Cut to two days later, and what should arrive in my mailbox? An invite from Chris Arnold, Chipotle's Director of public relations. It read: "If you find yourself with a Chipotle jones any time soon, try the chicken pozole (new, testing in Denver, and really, really good). Will be everywhere in Denver by the end of the week."

I immediately got Arnold on the blower and asked him what was going on.

Had the world gone mad? For fifteen years, Chipotle has been a constant beacon -- an unchanging menu in a storm of seasonality, market-driven mash-ups and freakish fusion nonsense. (Click the following links for instructions on how to build a burrito and for secrets of Chipotle's salad dressing.)

Not only that, but Chipotle's menu was damn near perfect. A few different things, all essentially made from the same even fewer things. It was a model of restraint. At first, I thought it must be an April Fool's joke. But Arnold assured me that it was very much real.

"We are testing a new menu in Denver," he said, telling me how the company had been doing some fairly heavy-duty research around the end of last year and had discovered that a lot of their regular customers (people who eat at their local location once, twice, sometimes three times in a week) just didn't understand the variety available on Chipotle's menu. They would come in, Arnold explained, and order the same thing every time -- never even bothering to look any further than the burrito they'd been eating every week, for years.

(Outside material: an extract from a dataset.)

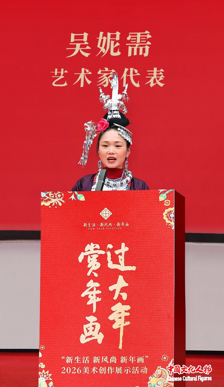 来自广西侗族三江自治县的艺术家吴妮需代表参展画家发言。她表示,“新生活·新风尚·新年画”是时代赋予文艺工作者的创作命题,也是基层画家的心之所向。作为农民画家,大家扎根乡土,希望通过手中的画笔,记录乡村巨变、传递乡土温情,以文艺力量赋能乡村振兴,让每一幅新年画都成为映照乡村活力的镜子、连接城乡情感的桥梁、激发群众奋进的力量。

So here's what's happening. Local Chipotle outlets will, over the next week or so, be rolling out a newly re-structured menu. There will be pozole in a couple different varieties and a kid's menu (which was always available, but had to be asked for). The existing menu will be "reconfigured" (Arnold's word) in order to showcase the diversity of plates available through a careful reading of the board. And there will also be a new section offering smaller portions at low prices -- single tacos, for example, served a la carte.

"We're calling it our 'low-roller' menu," Arnold told me, laughing. "The days of the high-roller look like they're going to be over for awhile, so this was our answer."

He also confirmed that Chipotle's menu really hasn't changed at all in fifteen years. The products might have (organic this and local that), and some of the presentations (burrito bowls), but this truly is the first time since Steve Ells set down roots in Denver that the menu has gone through a significant alteration or addition.

So my humblest apologies to both Warner and the Highland Mommies who had this story a day or two before I did. I regret laughing. I regret the several off-color jokes I made at the Mommies' expense. And next time someone comes to me with some crazy story of the world being turned upside down, I promise that I will actually make a couple phone calls before I dismiss it as utter nonsense.

Of course, if this really does turn out to just be an April Fool's Day gag, I'm gonna be pissed.